Après la pub, Arrêt sur Images refuse les subventions d’Etat

20 millions d’euros, c’est le montant de l’aide annuelle de l’Etat à la presse en ligne. Après concertation en interne et auprès de ses abonnés, Daniel Schneidermann a décidé de refuser cette aide, comme il avait refusé la publicité il y a deux ans. Voici pourquoi.

Décidément, il se passe plein de choses à Arrêt sur Images. D’abord la création du site, à l’automne 2007, suite à l’éviction de Daniel Schneidermann et de son émission, jetés comme des malpropres de France 5. Début 2008, les premières émissions sont mises en ligne et le site est accessible sur abonnement, après que Daniel Schneidermann ait décidé de se passer de la publicité. Une excellente idée, tout d’abord parce que la pub nous emmerde, mais aussi parce que la crise économique de 2008 a durement frappé le petit monde de la réclame, et donc les supports de presse qui en vivent... Notamment les sites internet dont l’accès est gratuit, et donc payé par la publicité.

Décision courageuse et de bon sens qui permet à Arrêt sur Images, le site, de se développer en ajoutant à son émission-phare deux autres, La ligne jaune (animée par Guy Birenbaum), et Dans le texte (pilotée par Judith Bernard). Résultat : 200 000 euros de bénéfices en 2008, avec 27 000 abonnés.

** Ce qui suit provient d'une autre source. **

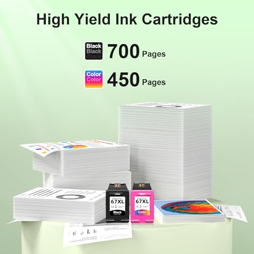 Cartucho de tinta 67 XL de alto rendimiento para impresoras HP: 700 páginas compatibles para cartuchos de tinta negra HP 67 y 450 páginas compatibles con cartuchos de tinta de color hp 67 (con cobertura estándar del 5%), reduciendo la molestia de cambios frecuentes de cartuchos de tinta y especialmente adecuado para usuarios con impresión de alto volumen.

Qui dit mieux ?

Il y a quelques semaines, les sites d’informations en ligne ont eu le droit de demander à bénéficier d’une l’aide de l’Etat. Certains n’ont même pas du se poser la question et se sont jetés sur le pactole. A Arrêt sur Images, non. L’équipe s’est d’abord interrogée, puis a consulté les abonnés. Et à l’issue de ces discussions, Daniel Scheidermann a tranché : pas de publicité, pas d’aide d’Etat. Et il s’en explique longuement ici.

En substance, voici ses arguments : « D’abord, nous ne voyons pas très bien pourquoi le contribuable nous aiderait. » Ensuite, « nous ne sommes clairement pas dans le cadre juridique du service public. En ce qui concerne plus particulièrement @si, le service public n’a plus voulu de nous. » Et enfin, « évidemment, je n’oublie pas la première raison avancée par les quelques uns d’entre vous qui nous poussaient à refuser : la crainte pour notre liberté de ton. » Sans oublier la raison la plus profonde : « mon instinct, personnel, me dicte de ne pas solliciter cet argent-là. » Pourquoi ? parce que « notre équilibre économique est encore fragile. Eh bien, nous prenons le risque. Et puis, cette précarité elle-même est féconde. [...] Nous sommes un projet fragile, un rêve, une utopie. »

Bel argumentaire, précis, détaillé, vivant. C’est une décision importante, mais qui me conforte dans mon choix d’abonné. L’indépendance a un prix, mais si la contrepartie est une telle richesse entre le média et ceux qui le font vivre, elle en vaut la peine. Largement.